### WHAT TO DO
From the line containing "Cap Sleeve Gathered Midi Dress, Burgundy" through the last line of the entries, output the text exactly. Pictures stay out.

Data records
- - -

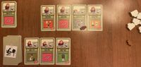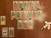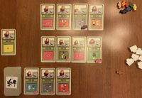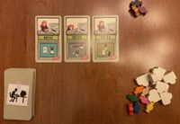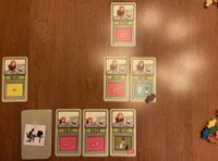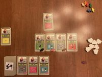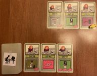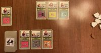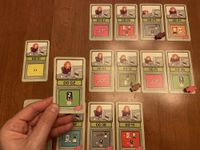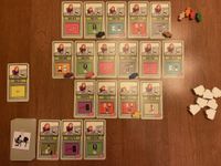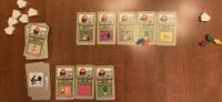 7. You start the game with seven candy, and you can acquire more candy in two ways: First, some file cards depict a candy on them, and when you draw a candy from the deck, you add one candy to your personal stash from the candy reserve. Second, if you manage to place three or more file cards in numerical order, say, 16/17/18, then you process those cards, you receive one candy from the reserve for each card after the first — so two candies in this example. Seriously, you must have the focusing capabilities of a six-year-old because you’re rewarded for doing what any normally functioning person would do automatically for no reward. Friese should have called this game “Skinner Box”, but that name doesn’t start with “F”, so it was out.
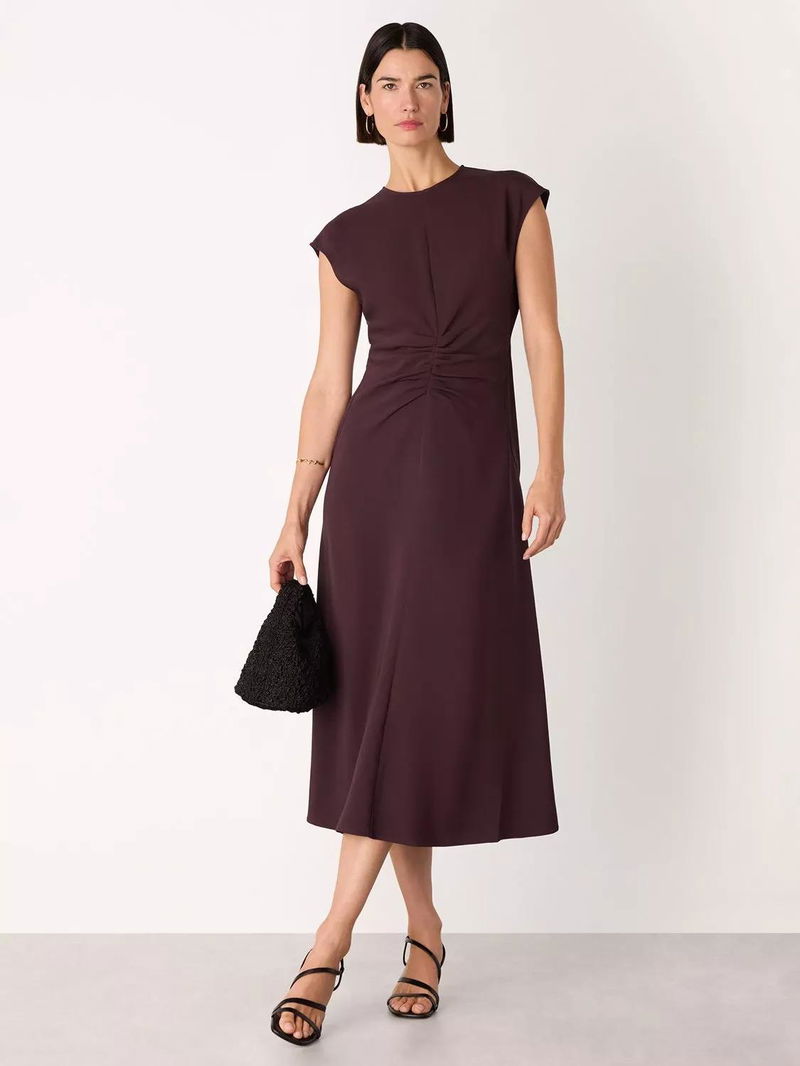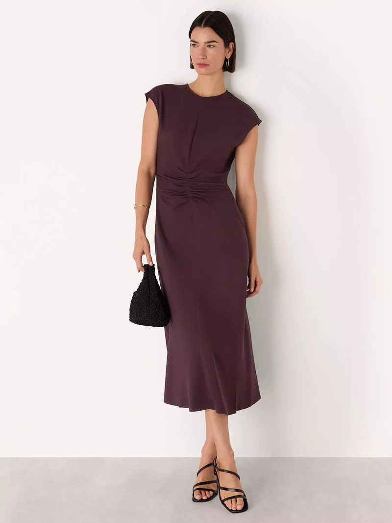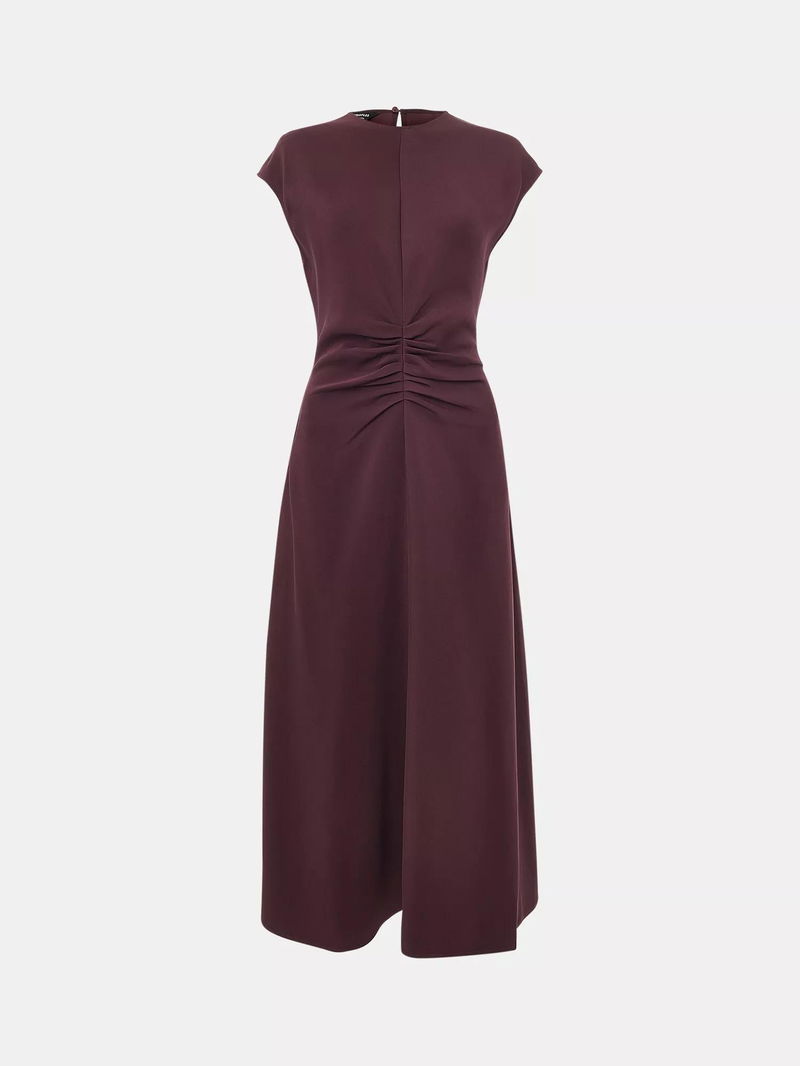Cap Sleeve Gathered Midi Dress, Burgundy
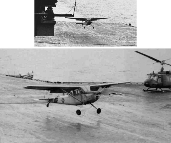 Quang cảnh lúc chiếc L19 do Thiếu Tá Lý Bửng lái đáp an toàn trên HKMH Midway
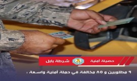 القبض على 9 مطلوبين وضبط 85 مخالفة في حملة أمنية واسعة في محافظة بابل
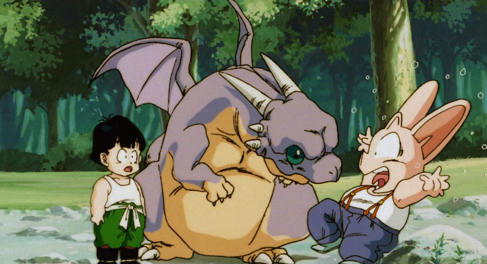 Hire−Dragon grows completely attached to Gohan and follows him home, but when Chichi objects to his presence, Gohan ends up hiding him in a cave.

- - -

### SOLUTION FOR THIS EXERCISE
Cap Sleeve Gathered Midi Dress, Burgundy
 Quang cảnh lúc chiếc L19 do Thiếu Tá Lý Bửng lái đáp an toàn trên HKMH Midway
 القبض على 9 مطلوبين وضبط 85 مخالفة في حملة أمنية واسعة في محافظة بابل
 Hire−Dragon grows completely attached to Gohan and follows him home, but when Chichi objects to his presence, Gohan ends up hiding him in a cave.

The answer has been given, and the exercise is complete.